For more information about indexes and other parameters, see the README file in the open source code repository.

Examples

Create the extension.
```
CREATE EXTENSION vector;
```
Create a table.
```
CREATE TABLE t (val vector(3));
```

Insert data.

INSERT INTO t (val) VALUES ('[0,0,0]'), ('[1,2,3]'), ('[1,1,1]'), (NULL);

Create a vector index.

CREATE INDEX ON t USING ivfflat (val vector_ip_ops) WITH (lists = 1);

Calculate approximate vectors.
```
SELECT * FROM t ORDER BY val <#> '[3,3,3]';
```
The following result is returned:
```
   val
---------
 [1,2,3]
 [1,1,1]
 [0,0,0]
(3 rows)
```
Note
- val vector_ip_ops indicates that an index is created on the `val` column.

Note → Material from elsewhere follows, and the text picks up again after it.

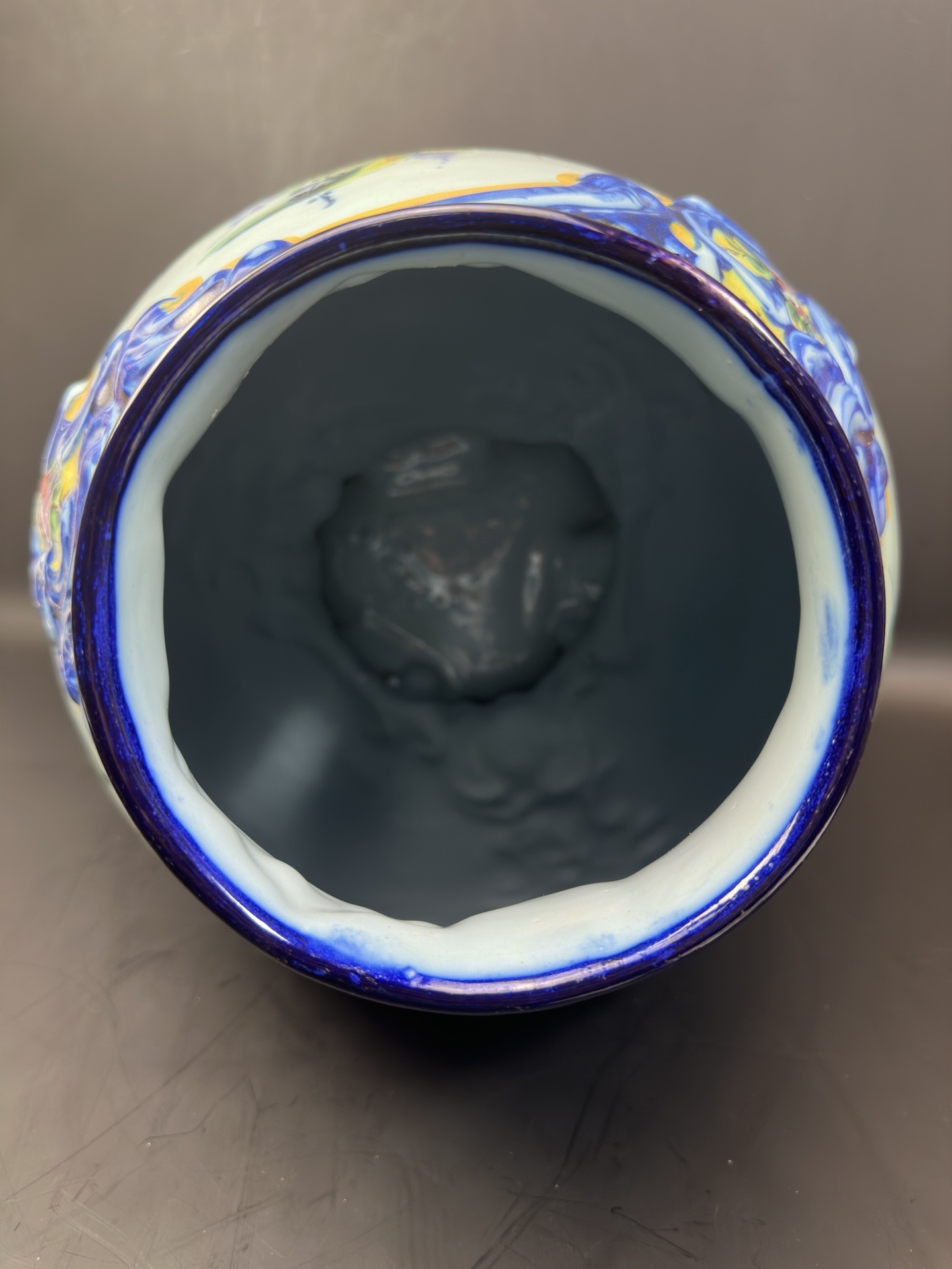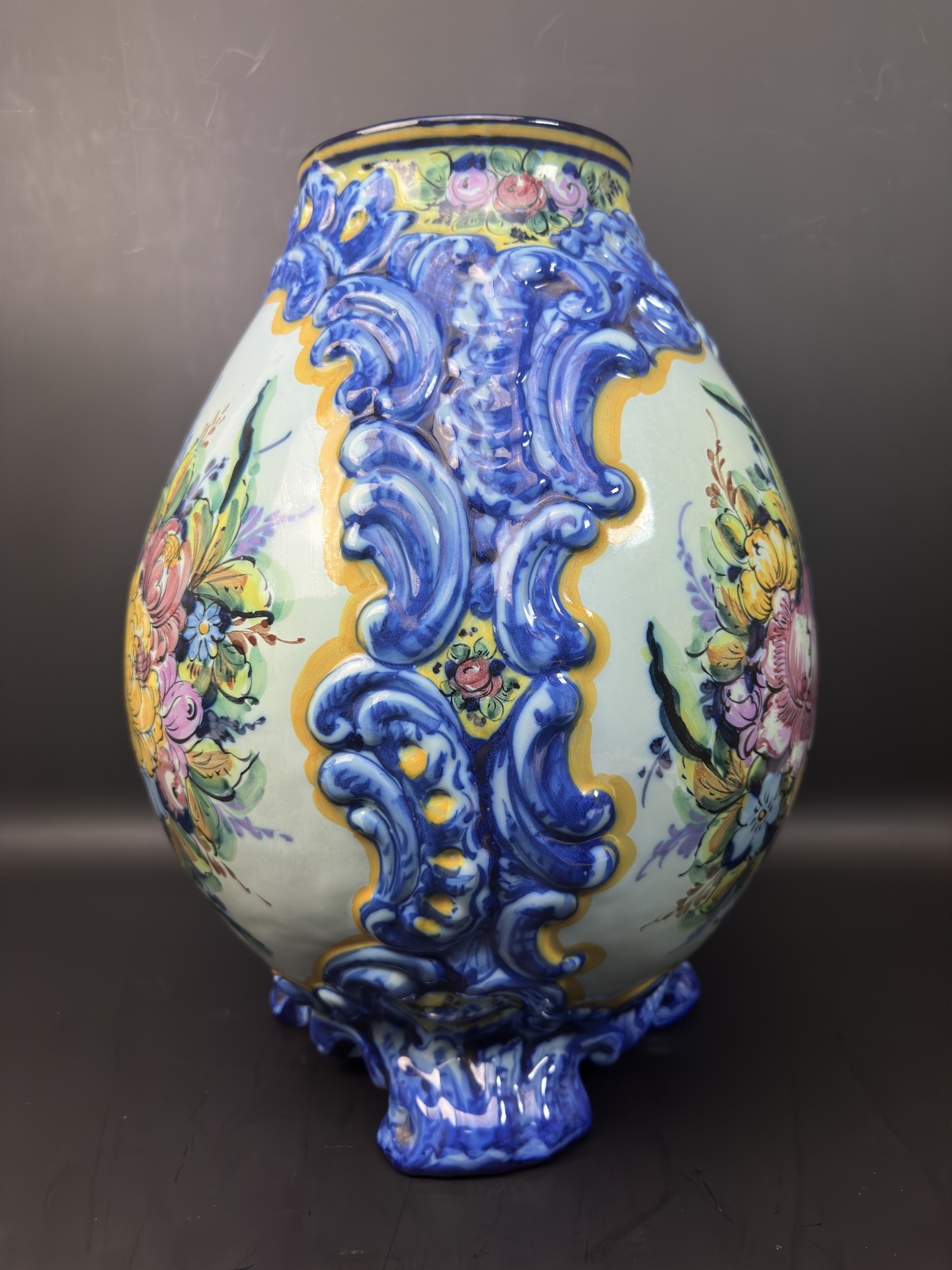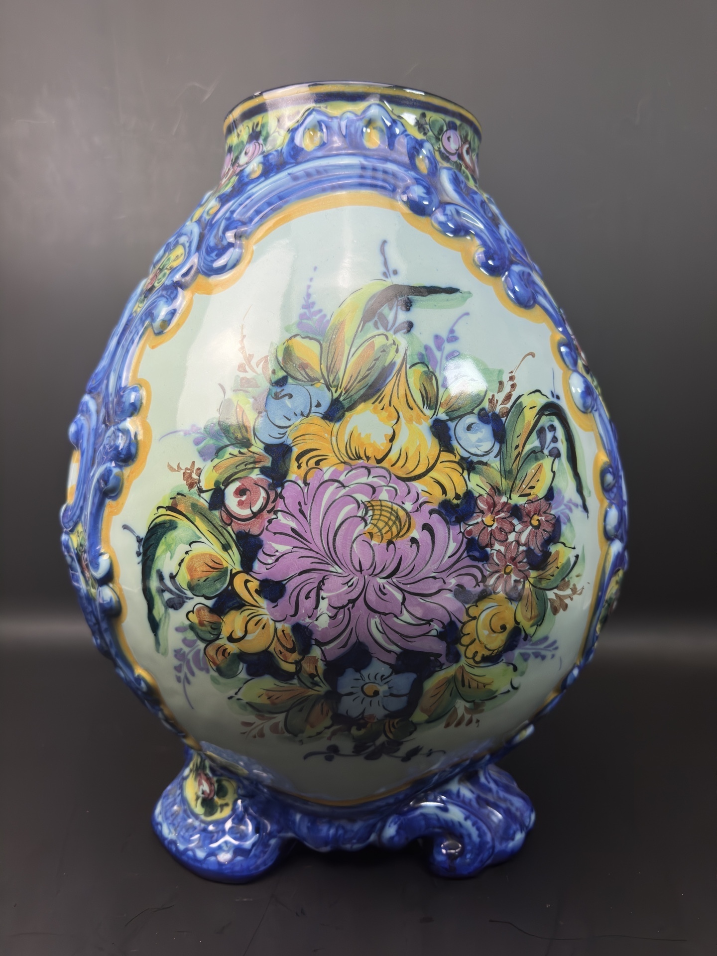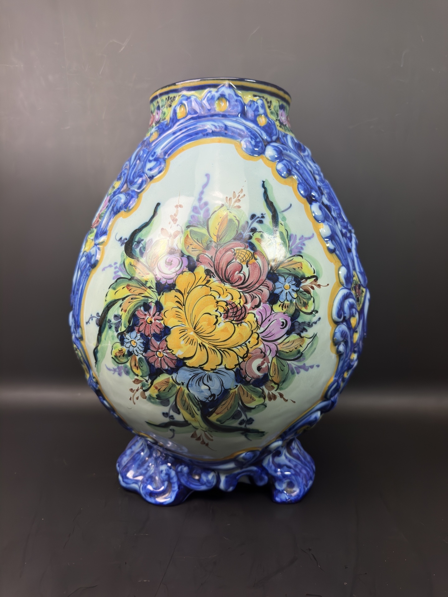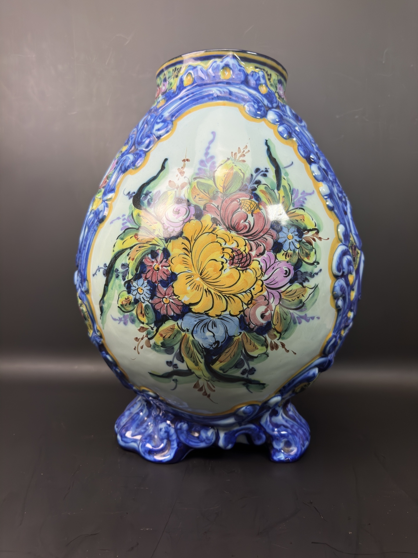Ваза, является изделием из фаянса португальской мануфактуры Alcobaça, известной своими декоративными элементами и ручной росписью.
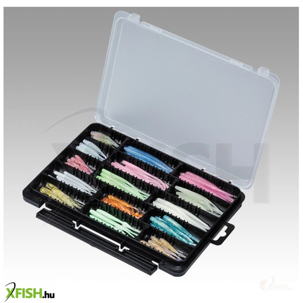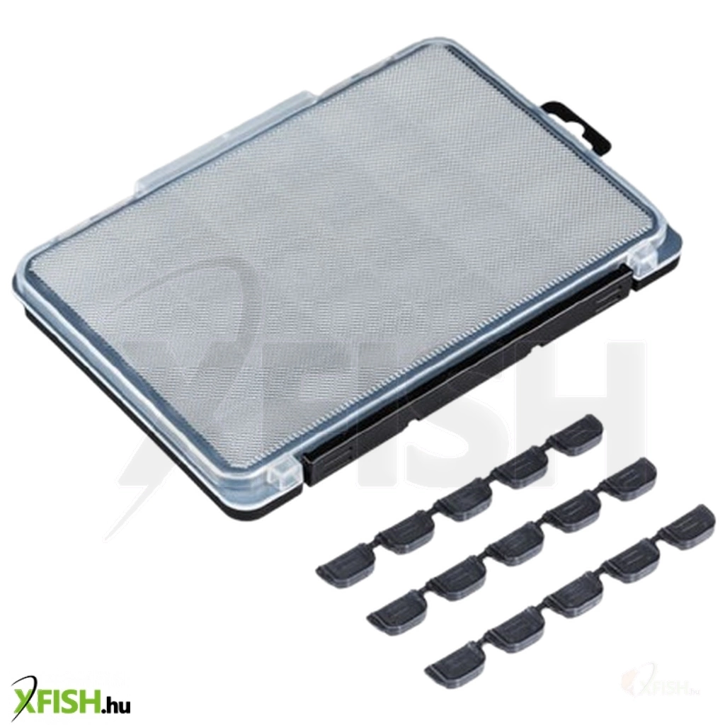 A doboz kiváló minőségű polipropilén anyagból készült, amely ellenáll a nedvességnek és a mechanikai behatásoknak, biztosítva ezzel a hosszú élettartamot és a megbízható használatot. Kompakt mérete és lapos kialakítása révén könnyedén elfér horgásztáskában vagy hátizsákban, így ideális választás mind hobbi-, mind versenyhorgászok számára. A biztonságos záródású fedél megakadályozza a csalik véletlen kiesését, míg a praktikus kialakítás megkönnyíti a használatot a horgászat során.

The vector_ip_ops vector operator from PolarDB for PostgreSQL (Compatible with Oracle) calculates the similarity between vectors. This operator supports calculations such as dot product, cosine similarity, and Euclidean distance.
- WITH (lists = 1) specifies that the number of partitions is 1. This means all vectors are assigned to the same partition. In a real-world application, you should adjust the number of partitions based on your data volume and query performance requirements.

References

To obtain vector embeddings, you can use text embedding models that are available for the Chinese mainland and international regions.